Given data:

···

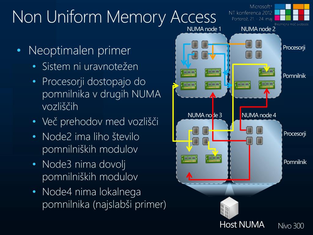 Non Uniform Memory Access NUMA node 1 NUMA node 2 Procesorji • Optimalen primer • Sistem je uravnotežen • Procesorji dostopajo le do pomnilnika v istem NUMA vozlišču • Vsako vozlišče ima svoj pomnilnik Pomnilnik NUMA node 3 NUMA node 4 Procesorji Pomnilnik Host NUMA
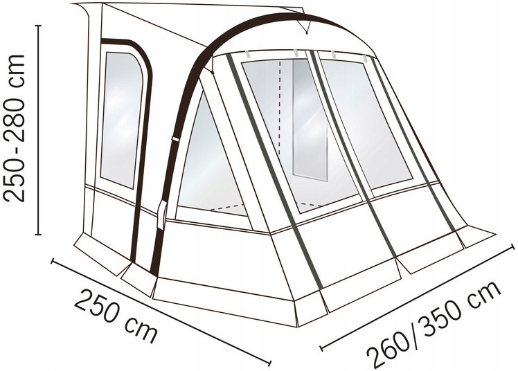 - Размеры: 260/350 x 250 x высота 250. /280 см
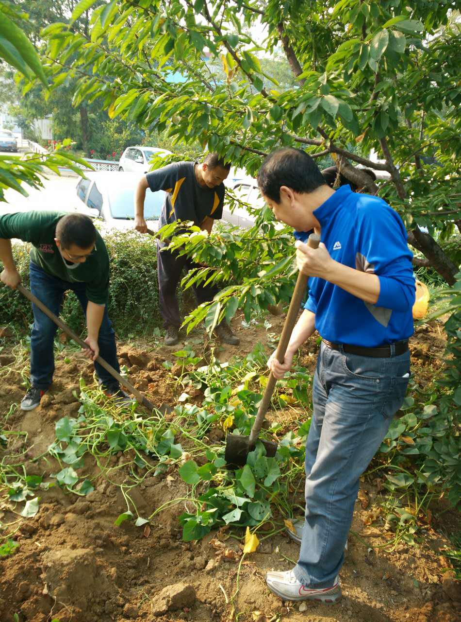 黨員同志們不怕苦,不怕臟,用鐵鍬等工具對生產(chǎn)車間門前的花壇翻整,并采摘了花壇中的白薯。炎炎烈日下,映著黨員們辛勤的汗水,一顆顆白薯顯得分外飽滿,也見證了黨員們的付出與收獲。同時,老黨員號召同志們發(fā)揚艱苦樸素的精神,將白薯秧進行采摘,作為憶苦思甜的晚飯。
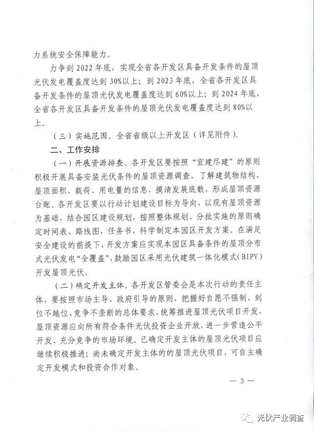 力爭(zhēng)到2022年底,實(shí)現(xiàn)全省各開(kāi)發(fā)區(qū)具備開(kāi)發(fā)條件的屋頂光伏發(fā)電覆蓋度達(dá)到30%以上;到2023年底,全省各開(kāi)發(fā)區(qū)具備開(kāi)發(fā)條件的屋頂光伏發(fā)電覆蓋度達(dá)到60%以上;到2024年底,全省各開(kāi)發(fā)區(qū)具備開(kāi)發(fā)條件的屋頂光伏發(fā)電覆蓋度達(dá)到80%以上。
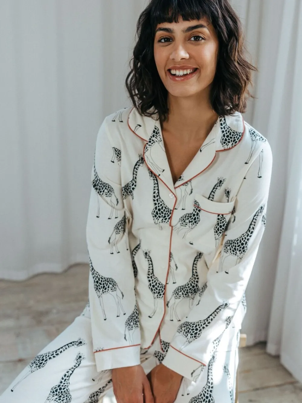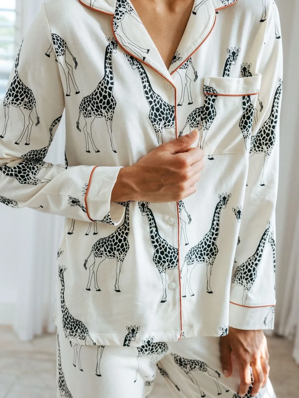 – – Lange pyjamaset met giraffenprint en knopen*Chelsea Peers Sale
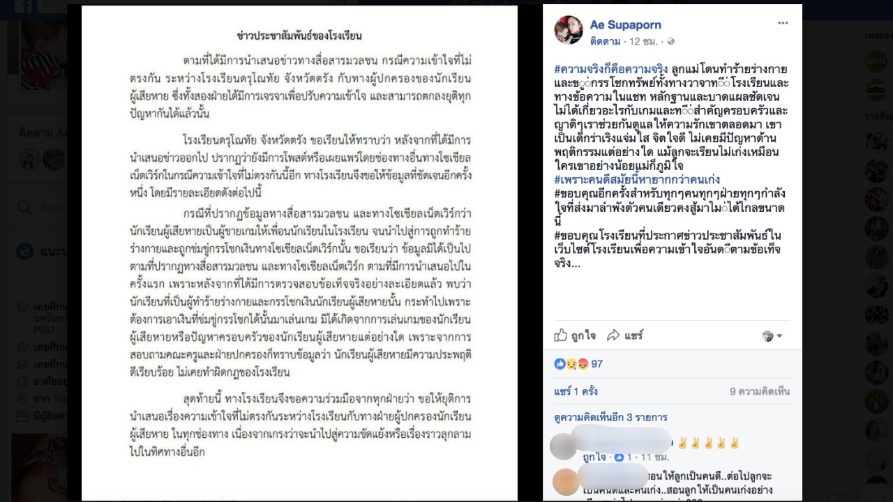 แม่เด็ก ม.2 ผู้เสียหายออกมาโพสต์เฟซบุ๊ก ระบุ ความจริงก็คือความจริงลูกโดนทำร้ายที่โรงเรียน และขู่กรรโชกทั้งทางวางจาและในแชต ไม่มีอะไรเกี่ยวกับเกม เรื่องจบแล้วกรุณาจบ...
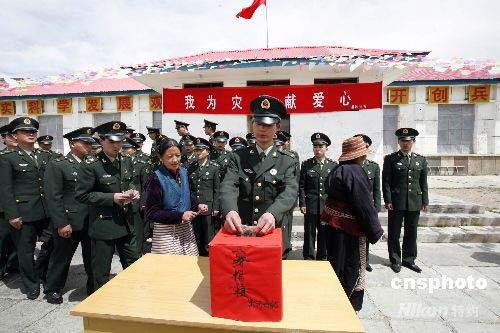 5月16日,駐守在海拔4500多米的西藏兵站部某大站黑河兵站官兵拿出津貼向四川災(zāi)區(qū)民眾獻(xiàn)上一份愛心。中新社發(fā) 樊厚東 攝
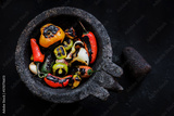 Mexican Mortar with burnt chilies and ingredients for sauce, spicy food in Mexico city Latin America
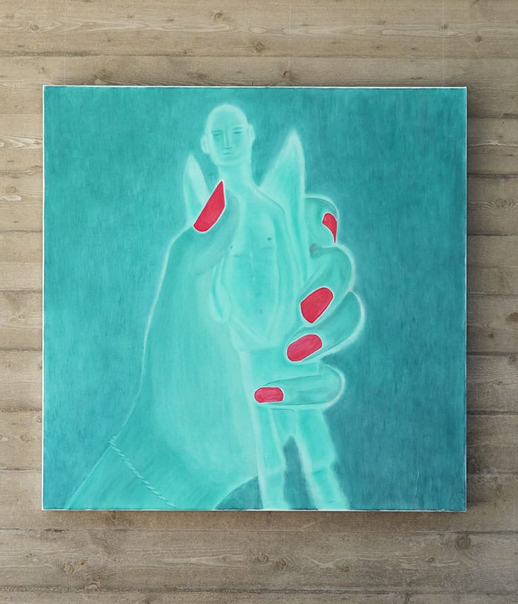 ”I Judit Kristensens målningar är det svårt att inte tänka på den pandemi som vi just har genomlevt under de två senaste åren. Men hennes målningar genomsyras inte av en känsla av den desperata ensamhet som präglat tidens anda. Tvärtom utmärks Judit Kristensens målningar av en kyla som ger dem en närmast observerande och analytisk karaktär. Det framstår inte som särskilt förvånande med tanke på att Judit Kristensen innan sin konstnärliga utbildning utbildade sig till psykolog vid Umeå universitet. Hennes närmast kliniska förhållningssätt till dessa emotionella känslotillstånd vittnar om en djup kunskap om det mänskliga psyket.”
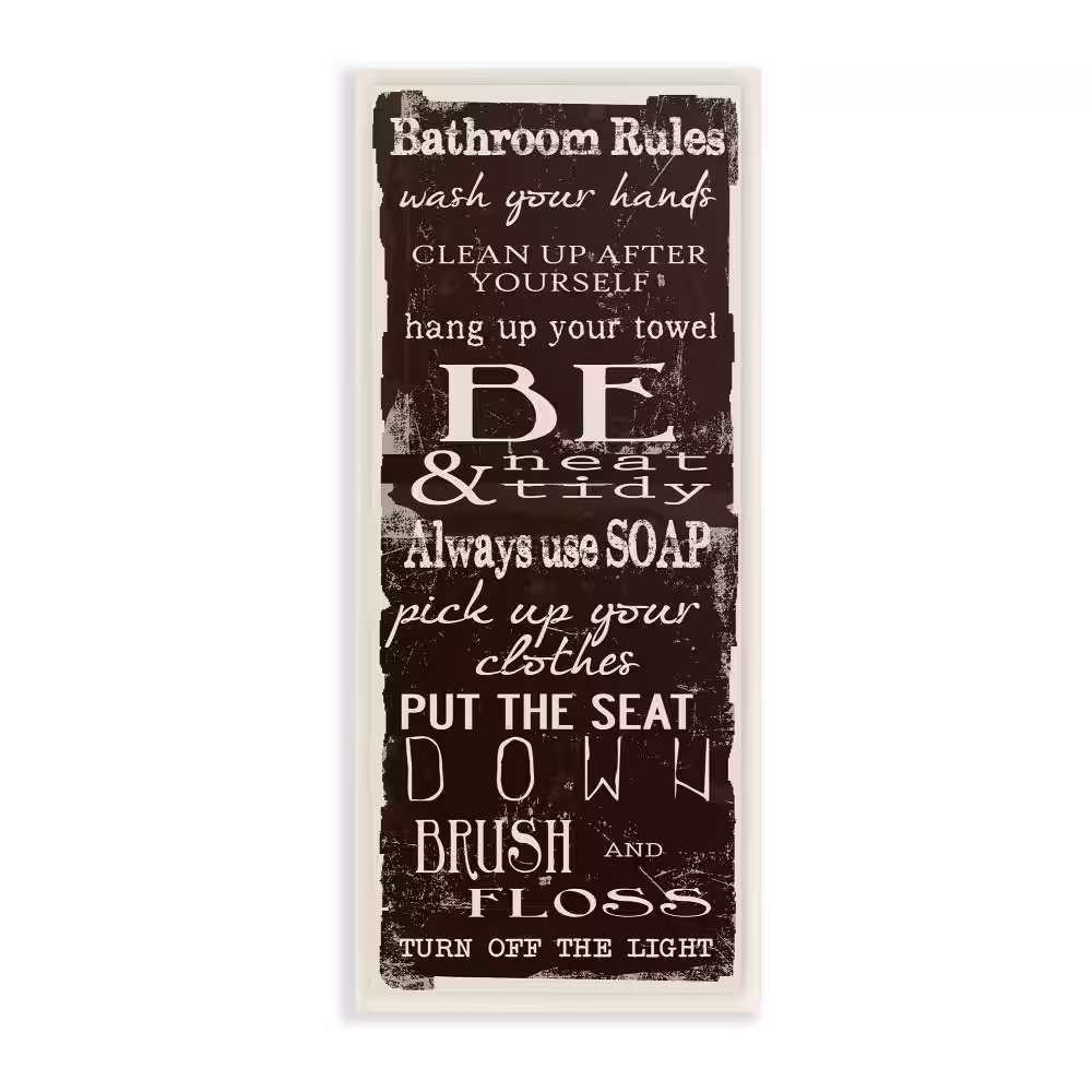 Stupell Industries 7 in. x 17 in. "Bathroom Rules Chocolate White" by Taylor Greene Printed Wood Wall Art
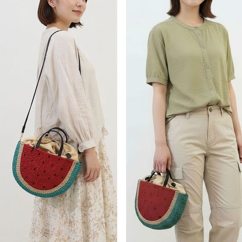 アジョリーならではの「大人可愛い」世界観を表現したデザイン。遊び心のあるすいかモチーフも、子供っぽくなりすぎず上品に仕上げられており、持つだけでコーデの主役になる存在感があります。可愛さと大人らしさを両立したアイテムです。
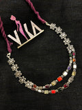 925 silver double layer navratna necklace
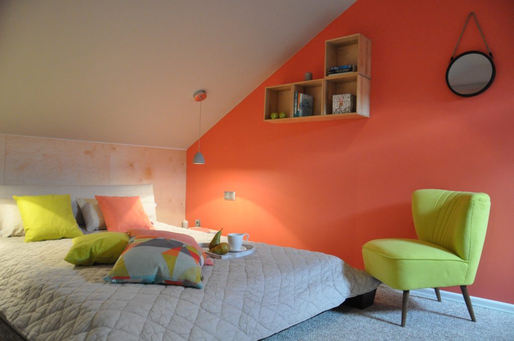 Обычно этим сочным цветом наполняют часть комнаты, тем самым выделяя центр или какую-то одну из частей комнаты, что привлекает взор.
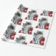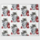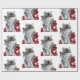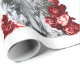 KITTY CAT /KITTEN WITH RED ROSES Black White Wrapping Paper
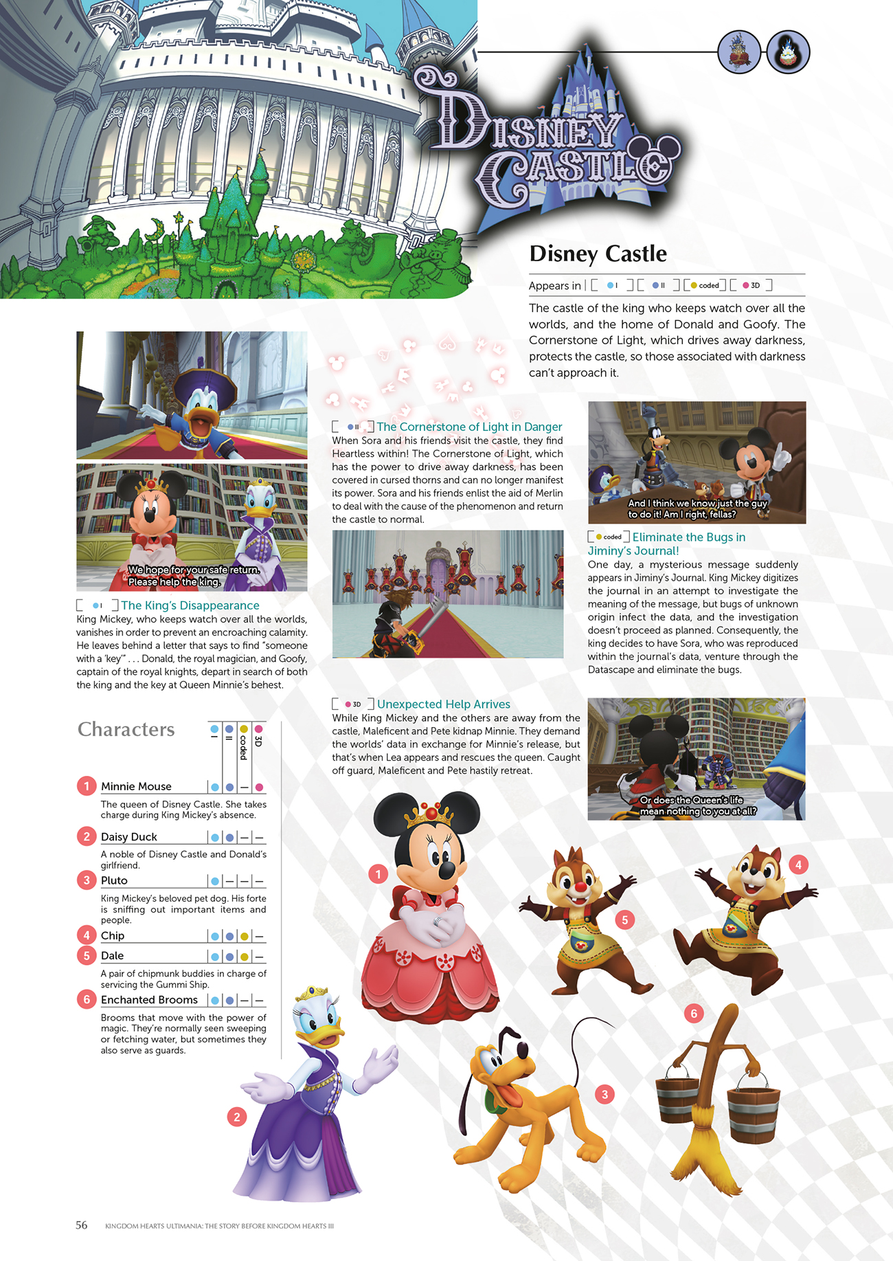 Enter the magical worlds of Disney as featured in the hit game series! This tome meticulously showcases each of Kingdom Hearts' unique worlds, characters, and equipment, encompassing all the games predating Kingdom Hearts III. Explore character profiles from icons like King Mickey and Goofy, to modern favorites like Tron or Captain Jack Sparrow. Study detailed summaries of each games story, along with rare concept designs and storyboards!
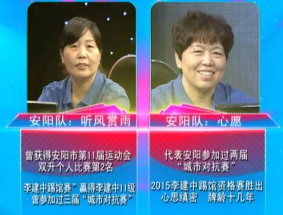 雖然來(lái)的是兩名女隊(duì)員,但是人家巾幗不讓須眉?!奥?tīng)風(fēng)賞雨”曾獲得安陽(yáng)市第11屆運(yùn)動(dòng)會(huì)雙升個(gè)人比賽第2名;2015年“李建中踢館賽”領(lǐng)先李建中11級(jí);參加過(guò)三次“河南電視雙升城市對(duì)抗賽”?!靶脑浮痹?015年“李建中踢館資格賽”中勝出;代表安陽(yáng)隊(duì)參加過(guò)兩屆“河南電視雙升城市對(duì)抗賽”,牌齡十幾年。
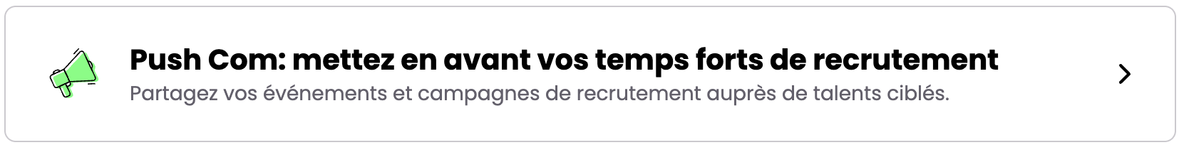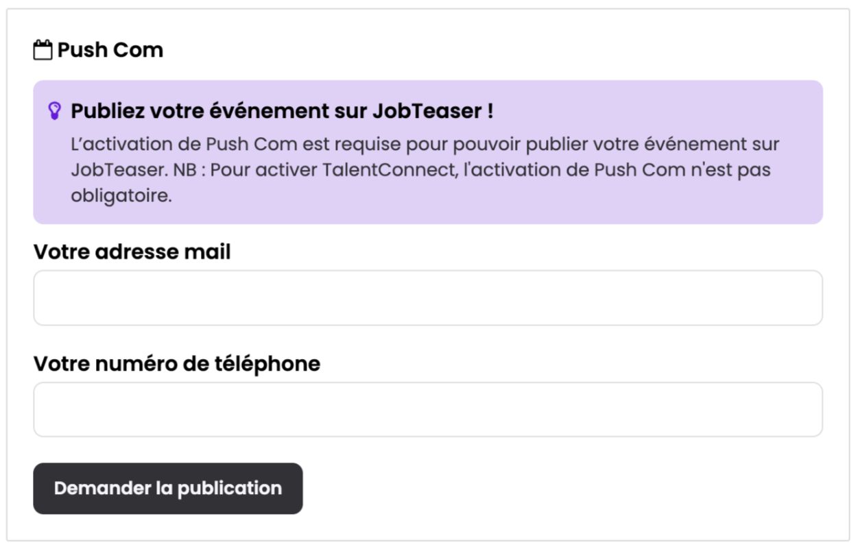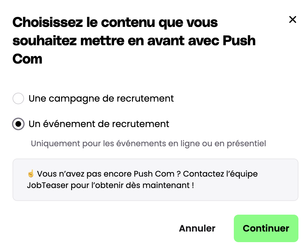 ✅ Notre équipe Customer Experience examinera votre Push Com pour s'assurer qu'il respecte les normes de JobTeaser et vous informera si des ajustements sont nécessaires. Une fois approuvé, votre Push Com sera mis en ligne pendant 30 jours ou jusqu'à la date de votre événement.

···

What is expected: Reproduce the records exactly, starting with their first line and ending with the line that contains "黨員同志們不怕苦,不怕臟,用", though pictures should be dropped.

Exercise output:
 Non Uniform Memory Access NUMA node 1 NUMA node 2 Procesorji • Optimalen primer • Sistem je uravnotežen • Procesorji dostopajo le do pomnilnika v istem NUMA vozlišču • Vsako vozlišče ima svoj pomnilnik Pomnilnik NUMA node 3 NUMA node 4 Procesorji Pomnilnik Host NUMA
 - Размеры: 260/350 x 250 x высота 250. /280 см
 黨員同志們不怕苦,不怕臟,用鐵鍬等工具對生產(chǎn)車間門前的花壇翻整,并采摘了花壇中的白薯。炎炎烈日下,映著黨員們辛勤的汗水,一顆顆白薯顯得分外飽滿,也見證了黨員們的付出與收獲。同時,老黨員號召同志們發(fā)揚艱苦樸素的精神,將白薯秧進行采摘,作為憶苦思甜的晚飯。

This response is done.